Senior Site Reliability Engineer (Heavy K8, AWS)
About Vonage
Vonage is a global cloud communications leader that helps businesses accelerate their digital transformation through our fully programmable Unified Communications, Contact Center Applications, and Communications APIs. We enable next-generation communications that are more flexible, intelligent and personal, empowering our customers to do what is next and stay ahead.
At Vonage, our team members bring their passion to work, solve our customers’ problems, and operate as one global team supporting our vision of accelerating the world’s ability to connect.
Working at Vonage you are valued for your knowledge, skills, achievements, and diverse perspectives. With Accountability and Trust at our core, we offer our employees flexibility where they work and you will be rewarded through enriching learning and development opportunities to further grow in your career.
So ask yourself, why not Vonage?
Vonage Mission
We embody the notion of be what’s next now! We envision, develop and manage technology to connect the world. Our team brings excellence, passion, creativity and curiosity to the job. We look at the business environment and technologies in new and challenging ways, striving to develop and deliver integrated whole-system solutions to meet our customers’ ever-changing needs.
Why this role matters
In our Business Support Systems Team, We believe that there shouldn’t be walls between operations and development and we have embraced the DevOps movement.
As a site reliability engineer, you will work alongside development teams to build automation and tools to deploy, monitor and maintain the platform's health, targeted SLO and SLAs.

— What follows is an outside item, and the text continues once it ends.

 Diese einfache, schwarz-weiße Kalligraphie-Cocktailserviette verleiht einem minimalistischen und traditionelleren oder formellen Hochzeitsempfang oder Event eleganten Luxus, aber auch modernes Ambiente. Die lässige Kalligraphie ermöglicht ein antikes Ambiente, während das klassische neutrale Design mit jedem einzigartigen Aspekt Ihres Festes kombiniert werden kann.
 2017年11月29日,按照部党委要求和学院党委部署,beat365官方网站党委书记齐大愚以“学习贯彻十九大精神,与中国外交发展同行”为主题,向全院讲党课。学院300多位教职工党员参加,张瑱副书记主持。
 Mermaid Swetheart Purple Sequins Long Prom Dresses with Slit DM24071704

All this will be done working on a scrum team with a mixture of experienced developers and engineers. Commonly you’ll also work with teams across the organization to help understand their challenges on delivering large-scale, distributed, and fault-tolerant systems.

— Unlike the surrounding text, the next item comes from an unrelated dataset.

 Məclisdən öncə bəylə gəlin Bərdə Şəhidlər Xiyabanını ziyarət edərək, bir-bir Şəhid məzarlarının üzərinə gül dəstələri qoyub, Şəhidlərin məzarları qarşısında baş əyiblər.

IF THIS SOUNDS LIKE YOU, CONTINUE READING BELOW...
What you'll do
- Lead the effort in ensuring reliability of the platform.
- Create Software and Tooling that improves performance, stability, and reliability of the platform.
- Ability to work closely with development teams.
- Monitor Application and Infrastructure metrics to help with improving software performance.
- Build solutions that are highly resilient, scalable, and secure.
- Have a wide breadth of knowledge from software, infrastructure, and security.
- Adopt best practices and champion an engineering culture emphasizing Agile.
What's required for application
- Bachelor's degree (or higher) in Computer Science and 5+ Years of hands-on working experience on DevOps/SRE.
- 2+ years of any cloud experiences (Ideally AWS) - must
- Core Technologies: Kubernetes, Helm, Docker, Python, Unix scripting.
- Experience working on monitoring, logging, and alerting solutions.
- Good understanding of CI/CD tools such as Argo CD, Jenkins.
- Understand monitoring tools such as Prometheus and Grafana.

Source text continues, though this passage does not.